[DATA EXCERPTS — start]
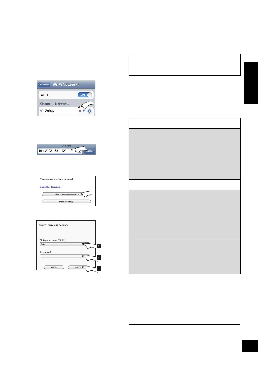 {. “SETTING” is indicated on the display. (Wi-Fi status
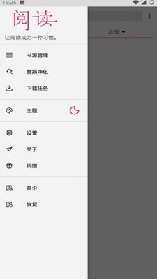 《read阅读app》是一款小说资源丰富且拥有仿真、覆盖、滑动和滚动等多种翻页方式选择的手机阅读软件,软件可满足用户不同的阅读习惯,还支持本地TXT和EPUB文件阅读,手动浏览,超智能扫描等功能,为用户提供了丰富的阅读选择,同时软件更有替换净化功能,打造清爽的阅读环境,去除广告干扰,让读者沉浸于纯粹的阅读世界,致力于为广大小说爱好者提供方便、快捷、舒适的阅读体验,并且软件支持本地txt和ePub格式的阅读,可以满足一些读者的离线阅读需求,可以根据自己设定的规则抓取网络数据,并对网上资源进行抓取搜索。这一功能设计得十分贴心,可以根据自己的需求自主定义规则内容,以此来找到小说资源。
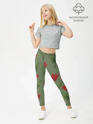 Леггинсы для девочки / Красные тюльпаны на зеленом
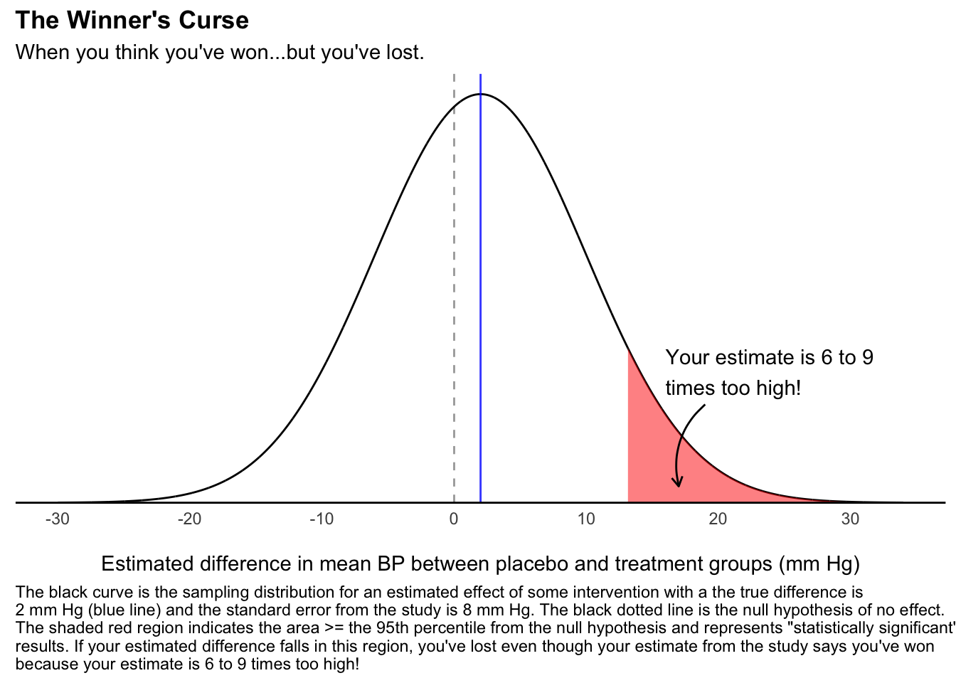 To look for markings of the Curse, first think about how precisely can the outcome of interest be measured. Can it be measured precisely like a physics experiment? Or is there expected noise in the measurement, like measuring blood pressure in a screaming 2-year-old? If the outcome tends toward the imprecise range of the spectrum, the Curse is more likely. Also estimate for yourself a range of plausible effect sizes from the intervention being studied. If you think most plausible effect estimates are small, again the Curse is more likely. Finally think about how large is the possible measurement error compared to the true effect. If the supposed measurement error is many times larger than the plausible true effect size (like 8:2 in our example), the Winner’s Curse is going to haunt any of your “significant” findings.
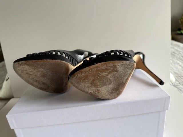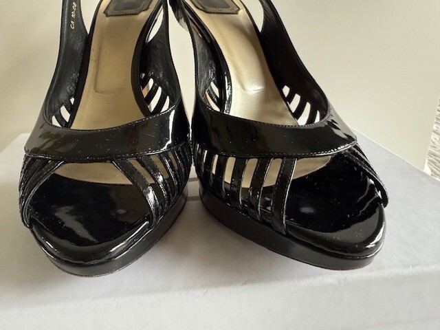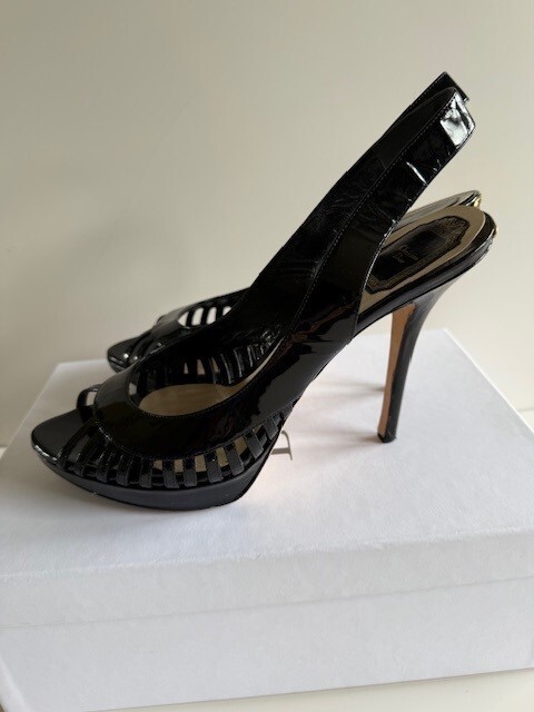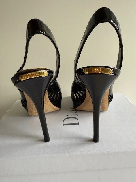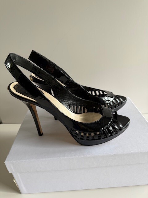 Own a pair of $750 Designer Shoes for only $160!!! Dior Whisper Sling back Black Patent Leather Pumps Size 9.5 (40) w/ Box & 1 Bag! These are beautiful shoes, I always got compliments when I wore them. I wear anywhere from a 9 to a 10 depending on the designer. These shoes are very comfortable to me! See all pictures as the are part of the description. Contact me for any questions. They are in good used condition. Heels are 4.5" Front platform is .5" Smoke free home!
[DATA EXCERPTS — finish]
Please return the lines above exactly, with the pictures omitted.

▶ [THE ANSWER]
 {. “SETTING” is indicated on the display. (Wi-Fi status
 《read阅读app》是一款小说资源丰富且拥有仿真、覆盖、滑动和滚动等多种翻页方式选择的手机阅读软件,软件可满足用户不同的阅读习惯,还支持本地TXT和EPUB文件阅读,手动浏览,超智能扫描等功能,为用户提供了丰富的阅读选择,同时软件更有替换净化功能,打造清爽的阅读环境,去除广告干扰,让读者沉浸于纯粹的阅读世界,致力于为广大小说爱好者提供方便、快捷、舒适的阅读体验,并且软件支持本地txt和ePub格式的阅读,可以满足一些读者的离线阅读需求,可以根据自己设定的规则抓取网络数据,并对网上资源进行抓取搜索。这一功能设计得十分贴心,可以根据自己的需求自主定义规则内容,以此来找到小说资源。
 Леггинсы для девочки / Красные тюльпаны на зеленом
 To look for markings of the Curse, first think about how precisely can the outcome of interest be measured. Can it be measured precisely like a physics experiment? Or is there expected noise in the measurement, like measuring blood pressure in a screaming 2-year-old? If the outcome tends toward the imprecise range of the spectrum, the Curse is more likely. Also estimate for yourself a range of plausible effect sizes from the intervention being studied. If you think most plausible effect estimates are small, again the Curse is more likely. Finally think about how large is the possible measurement error compared to the true effect. If the supposed measurement error is many times larger than the plausible true effect size (like 8:2 in our example), the Winner’s Curse is going to haunt any of your “significant” findings.
 Own a pair of $750 Designer Shoes for only $160!!! Dior Whisper Sling back Black Patent Leather Pumps Size 9.5 (40) w/ Box & 1 Bag! These are beautiful shoes, I always got compliments when I wore them. I wear anywhere from a 9 to a 10 depending on the designer. These shoes are very comfortable to me! See all pictures as the are part of the description. Contact me for any questions. They are in good used condition. Heels are 4.5" Front platform is .5" Smoke free home!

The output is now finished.